With Windows 7 Beta 1 officially available for download
from Microsoft as of January 10, 2009, along with the associated product keys, one of the first things that users will have to do following installation is to update the operating system. On January 9, Microsoft started offering an update for both the 32-bit
and 64-bit versions
of Windows 7 Beta, designed to resolve issues related to the Windows Media Center and Windows Media Player components of the operating system. According to Microsoft, the refresh is set up to fix the MP3 file corruption issue in Windows 7, but also problems related to Windows Media Center playback and recording.
“Playback and recording issues that are fixed in this update: protected tuning sources, such as OCUR and ISDB, do not function correctly; MHEG (iTV) in Europe does not function correctly; recording of a series may fail after some time, if the system was upgraded from Windows Vista and the recording of that series was set up in Windows Vista; Windows Vista DVR-MS recordings do not play back in Windows Media Center or in Windows Media Player; and Windows Media Center may become unstable when you perform recording operations,” Microsoft stated
As far as the corruption issue is concerned, the Redmond company informed that it was associated with the process of editing the metadata of MP3 files. However, because of the fact that Windows Media Player is designed to add metadata by default when it is missing, via a feature that is turned on also by default, all MP3 files with large headers in the Windows Media Player and Windows Media Center libraries will become corrupt. Microsoft informed that corrupt MP3 files would lose audio.

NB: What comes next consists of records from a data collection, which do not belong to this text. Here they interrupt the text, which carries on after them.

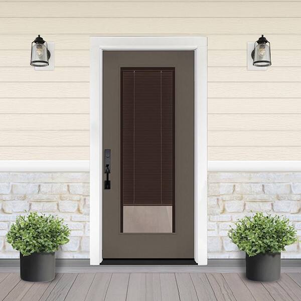 Legacy 32 in. x 80 in. Universal Handing FullLite Clear Glass Mocha Miniblind Kindling Finish Fiberglass Front Door Slab
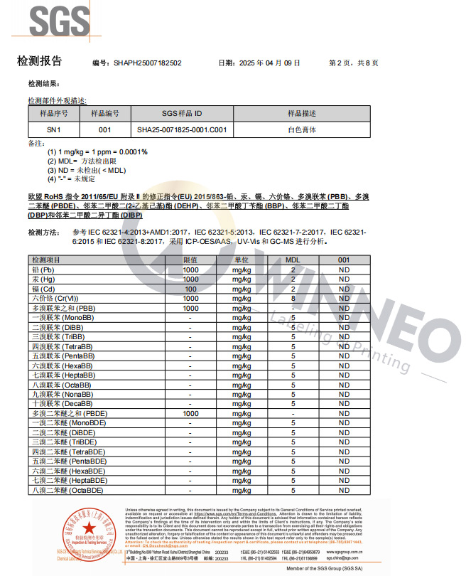 هذا هو تقرير اختبار التركيب الأصلي للمواد الخام المستخدمة في وسادات طباعة WINNEO. يُثبت هذا التقرير أن المواد الخام المستخدمة في وسادات طباعة WINNEO تُلبي معايير الجودة. تضمن المواد الخام المؤهلة امتثال تصنيع الوسادات اللاحق للمعايير ذات الصلة.
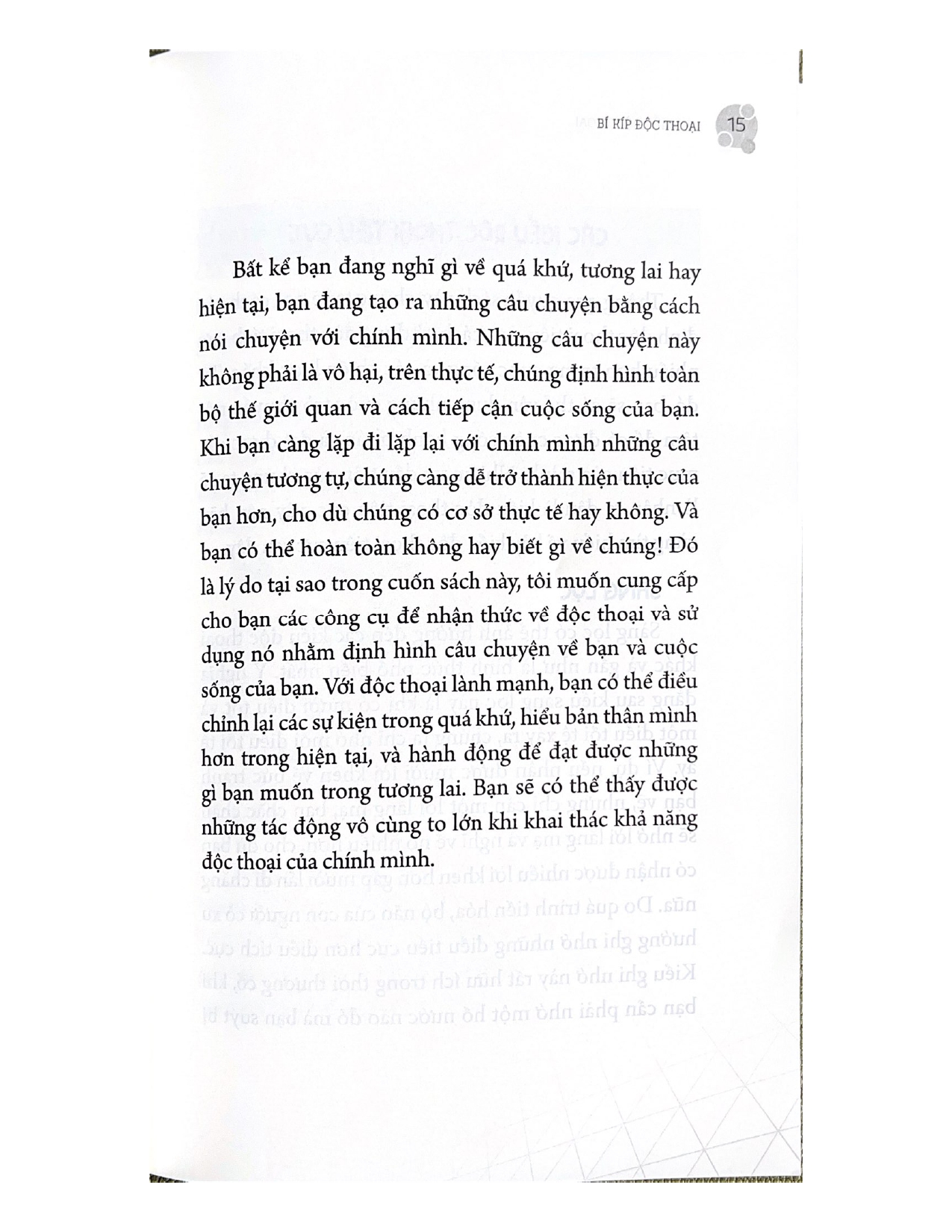 Với những chiến lược và bài tập hữu ích, Bí kíp độc thoại sẽ giúp bạn từng bước xây dựng thói quen suy nghĩ tích cực, học cách chấp nhận và yêu thương bản thân, khai thác lợi ích của những suy nghĩ tiêu cực và biến “độc thoại” trở thành đồng minh tốt nhất trên hành trình hướng đến cuộc sống hạnh phúc.
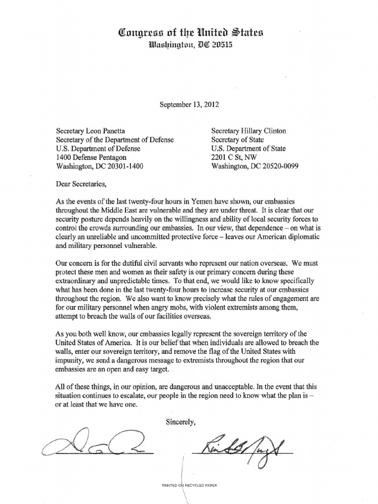 Letter Requesting Information on the Killing of Ambassador Stevens
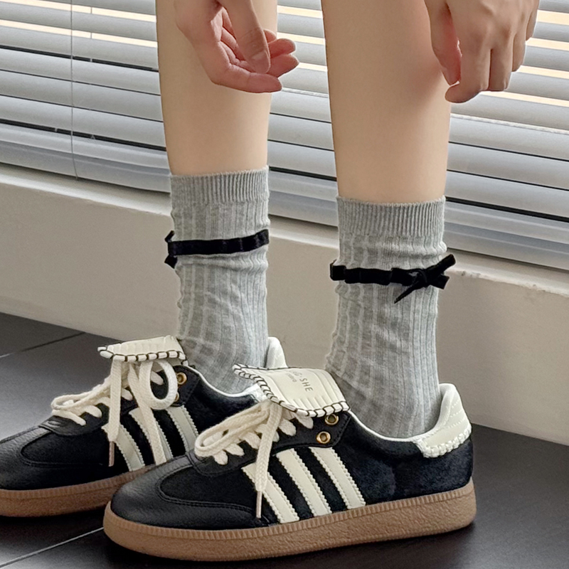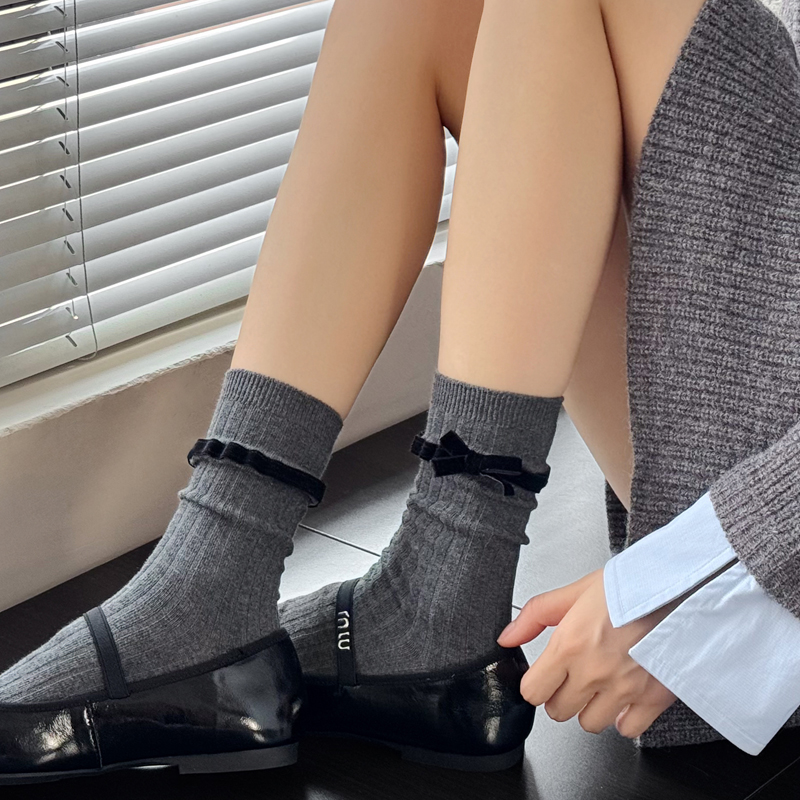 秋冬烟灰色小腿袜女小香风蝴蝶结jk白色中筒袜黑色堆堆袜棉短袜子

“Every time that metadata is edited in an MP3 file that already contains lots of metadata in the file header, some audio at the beginning of the track may be lost permanently. Up to several seconds of audio may be lost,” the software giant informed. “Large headers are common in music files that are purchased from commercial services, because the files usually have large album art. Use of tools to add large album art to existing MP3 files may also cause this audio loss. Specifically, any information that causes the header size to exceed 16 kilobytes will trigger the loss. Each edit will increase the total loss.”
There are two workarounds to prevent MP3 files from being corrupted by Windows 7, in addition to applying the actual update. Microsoft advises users to either set all their MP3 files to Read-only via their properties, or to disable metadata automatic updates in Windows Media Player, through the Tools menu, Options, Library tab, and then un-check the Retrieve additional information from the Internet check box and the Maintain my star ratings as global ratings in files check box.
The company headquartered in Redmond, Washington, also delivered a “Possible solution to the MP3 file corruption issue – if some of your MP3 files have already been affected, you might be able to restore the corrupted MP3 files to their pre-edit status. To do this, follow these steps: in Windows Explorer, right-click a corrupted MP3 file, and then click Properties. On the Previous Version tab, select an earlier version in the File Versions list, and then click Restore. If multiple edits were performed, you may have to revert to the oldest version that is available.”